# [GOAL OF THE EXERCISE]
Go to the line containing "କଟାସ-ଡେଲାଇଫ ରାସ୍ତାରେ ଖାଲ ହୋଇଯାଇଛି।" and retype it and every later line exactly as written, up to the last line of the entries. Keep pictures out.
::::::::::
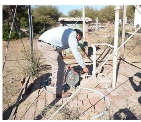
Figura 4. Medición nivel estático. Perforación ACRE
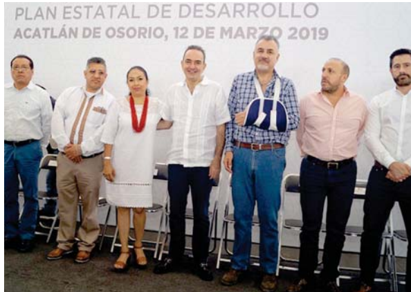
AUTORIDADES estatales ponen en marcha el Foro de Participación Ciudadana

La colaboración entre el gobierno y los ciudadanos permitirá un cambio en la aplicación de los recursos y la implementación de políticas públicas, debido a que se prevé que el Plan Estatal de Desarrollo (PED) incluya
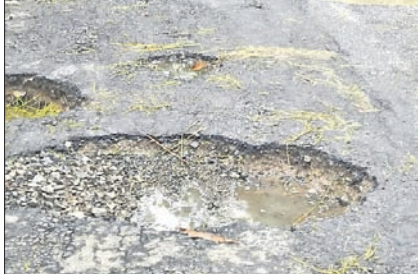
କଟାସ-ଡେଲାଇଫ ରାସ୍ତାରେ ଖାଲ ହୋଇଯାଇଛି।

କଟାସ, ୨୫।୧୦(ସ୍ୱ.ପ୍ର.) କଟାସଠାରୁ ଡେଲାଇଫ ପର୍ଯ୍ୟନ୍ତ ଯାଇଥିବା ୧୩କି.ମି ମୁଖ୍ୟ ରାସ୍ତାରେ ଅବସ୍ଥା ଶୋଚନୀୟ ହୋଇପଡ଼ିଛି। ବିଭାଗୀୟ କର୍ତ୍ତୃପକ୍ଷଙ୍କ ଏଥିପ୍ରତି ଦୃଷ୍ଟି ପଡ଼ି ନ ଥିବାରୁ ଜନଅସନ୍ତୋଷ ବୃଦ୍ଧି ପାଇଛି। ପୁରୀ ପୁଟାବକ, ରାସ୍ତା କଟରେ ଥିବା ବୁଦା ଗଛ ସବୁ ବଡ଼ି ରାସ୍ତା ଉପରକୁ ମାଡି ଆସିଛି। ସେଠାରେ ଚକ୍ରୁଣା ଗାଈଗୋରୁ, ଜେଲି-ମେଣ୍ଟା, କୁକୁର ହଠାତ୍ ବୁଦା ମଧ୍ୟରୁ ବାହାରି ରାସ୍ତା ଉପରକୁ ଆସିଯାଉଛନ୍ତି। ଫଳରେ ରାସ୍ତାରେ ବାରମ୍ବାର ଦୁର୍ଘଟଣା ଘଟୁଛି। ଚଳିତ ବର୍ଷ ପ୍ରଭାବରୁ ଉକ୍ତ ରାସ୍ତାରେ ବଡ଼ବଡ଼ ଖାଲସୃଷ୍ଟି ହୋଇଯାଇଛି। ପୂର୍ଣ୍ଣ ବିଭାଗ ପକ୍ଷରୁ ଖାଲରେ ନାଲିଗୋଟି ପକାଯାଇ ପୁରଣ କରାଯାଇଥିଲା। ପୁରଣ ସେହି ରାସ୍ତାରେ ଅନେକ ଖାଲ ହୋଇଯିବାରୁ ଦୁର୍ଘଟଣା ବୃଦ୍ଧି ପାଇଛି। ରାସ୍ତାଟି ପୂର୍ଣ୍ଣ ବିଭାଗ ଅଧୀନରେ ଥିବାବେଳେ ଅଧିକାରୀମାନେ ଧ୍ୟାନ ଦେଇ ନ ଥିବା ଅଭିଯୋଗ ହେଉଛି। ବିଭାଗୀୟ ଉଚ୍ଚ କର୍ତ୍ତୃପକ୍ଷ ଏଥିପ୍ରତି ଦୃଷ୍ଟି ଦେଇ ରାସ୍ତା ମରାମତି କରିବା ପାଇଁ କଟାସ ଓ ଡେଲାଇଫ ଅଞ୍ଚଳବାସୀ ଦାବି କରିଛନ୍ତି।
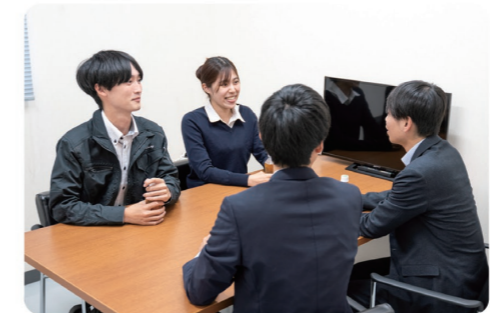
同年代が活躍する会社だからこそ、お互いの意識向上にもつながっています

何が起るか分からない混沌とした時代に入っています。有事の際にも素早く対応し、お客様のお役に立てるよう、これからも取扱い分野、アフターフォローの品質向上も含め、さらなる企業発展を果たしていきます。
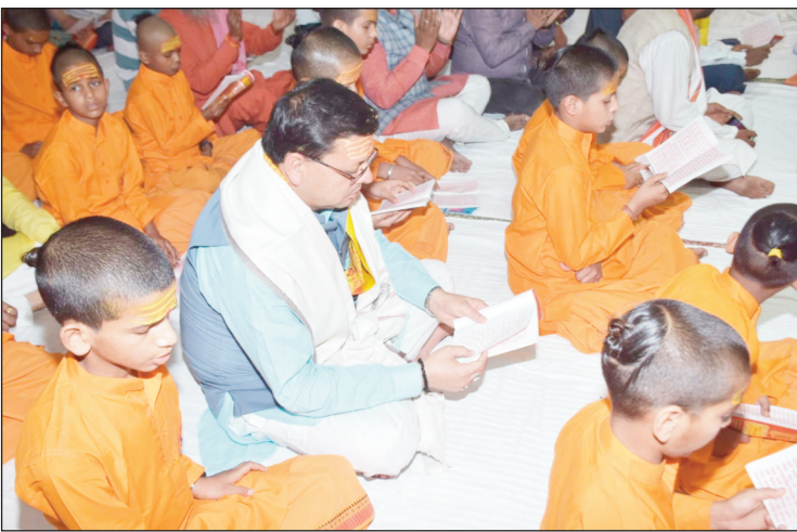
मुख्यमंत्री पुष्कर सिंह धामी ने टपकेश्वर महादेव मंदिर में पूजा - अर्चना कर प्रदेश एवं प्रदेशवासियों के सुख-समृद्धि की कामना की। इस अवसर पर मुख्यमंत्री ने शुभ मंगल चारधाम सेवा समिति द्वारा आयोजित सुंदरकांड में भी प्रतिभाग किया।
::::::::::
# [OUTPUT OF THE EXERCISE]
କଟାସ-ଡେଲାଇଫ ରାସ୍ତାରେ ଖାଲ ହୋଇଯାଇଛି।

କଟାସ, ୨୫।୧୦(ସ୍ୱ.ପ୍ର.) କଟାସଠାରୁ ଡେଲାଇଫ ପର୍ଯ୍ୟନ୍ତ ଯାଇଥିବା ୧୩କି.ମି ମୁଖ୍ୟ ରାସ୍ତାରେ ଅବସ୍ଥା ଶୋଚନୀୟ ହୋଇପଡ଼ିଛି। ବିଭାଗୀୟ କର୍ତ୍ତୃପକ୍ଷଙ୍କ ଏଥିପ୍ରତି ଦୃଷ୍ଟି ପଡ଼ି ନ ଥିବାରୁ ଜନଅସନ୍ତୋଷ ବୃଦ୍ଧି ପାଇଛି। ପୁରୀ ପୁଟାବକ, ରାସ୍ତା କଟରେ ଥିବା ବୁଦା ଗଛ ସବୁ ବଡ଼ି ରାସ୍ତା ଉପରକୁ ମାଡି ଆସିଛି। ସେଠାରେ ଚକ୍ରୁଣା ଗାଈଗୋରୁ, ଜେଲି-ମେଣ୍ଟା, କୁକୁର ହଠାତ୍ ବୁଦା ମଧ୍ୟରୁ ବାହାରି ରାସ୍ତା ଉପରକୁ ଆସିଯାଉଛନ୍ତି। ଫଳରେ ରାସ୍ତାରେ ବାରମ୍ବାର ଦୁର୍ଘଟଣା ଘଟୁଛି। ଚଳିତ ବର୍ଷ ପ୍ରଭାବରୁ ଉକ୍ତ ରାସ୍ତାରେ ବଡ଼ବଡ଼ ଖାଲସୃଷ୍ଟି ହୋଇଯାଇଛି। ପୂର୍ଣ୍ଣ ବିଭାଗ ପକ୍ଷରୁ ଖାଲରେ ନାଲିଗୋଟି ପକାଯାଇ ପୁରଣ କରାଯାଇଥିଲା। ପୁରଣ ସେହି ରାସ୍ତାରେ ଅନେକ ଖାଲ ହୋଇଯିବାରୁ ଦୁର୍ଘଟଣା ବୃଦ୍ଧି ପାଇଛି। ରାସ୍ତାଟି ପୂର୍ଣ୍ଣ ବିଭାଗ ଅଧୀନରେ ଥିବାବେଳେ ଅଧିକାରୀମାନେ ଧ୍ୟାନ ଦେଇ ନ ଥିବା ଅଭିଯୋଗ ହେଉଛି। ବିଭାଗୀୟ ଉଚ୍ଚ କର୍ତ୍ତୃପକ୍ଷ ଏଥିପ୍ରତି ଦୃଷ୍ଟି ଦେଇ ରାସ୍ତା ମରାମତି କରିବା ପାଇଁ କଟାସ ଓ ଡେଲାଇଫ ଅଞ୍ଚଳବାସୀ ଦାବି କରିଛନ୍ତି।
同年代が活躍する会社だからこそ、お互いの意識向上にもつながっています

何が起るか分からない混沌とした時代に入っています。有事の際にも素早く対応し、お客様のお役に立てるよう、これからも取扱い分野、アフターフォローの品質向上も含め、さらなる企業発展を果たしていきます。
मुख्यमंत्री पुष्कर सिंह धामी ने टपकेश्वर महादेव मंदिर में पूजा - अर्चना कर प्रदेश एवं प्रदेशवासियों के सुख-समृद्धि की कामना की। इस अवसर पर मुख्यमंत्री ने शुभ मंगल चारधाम सेवा समिति द्वारा आयोजित सुंदरकांड में भी प्रतिभाग किया।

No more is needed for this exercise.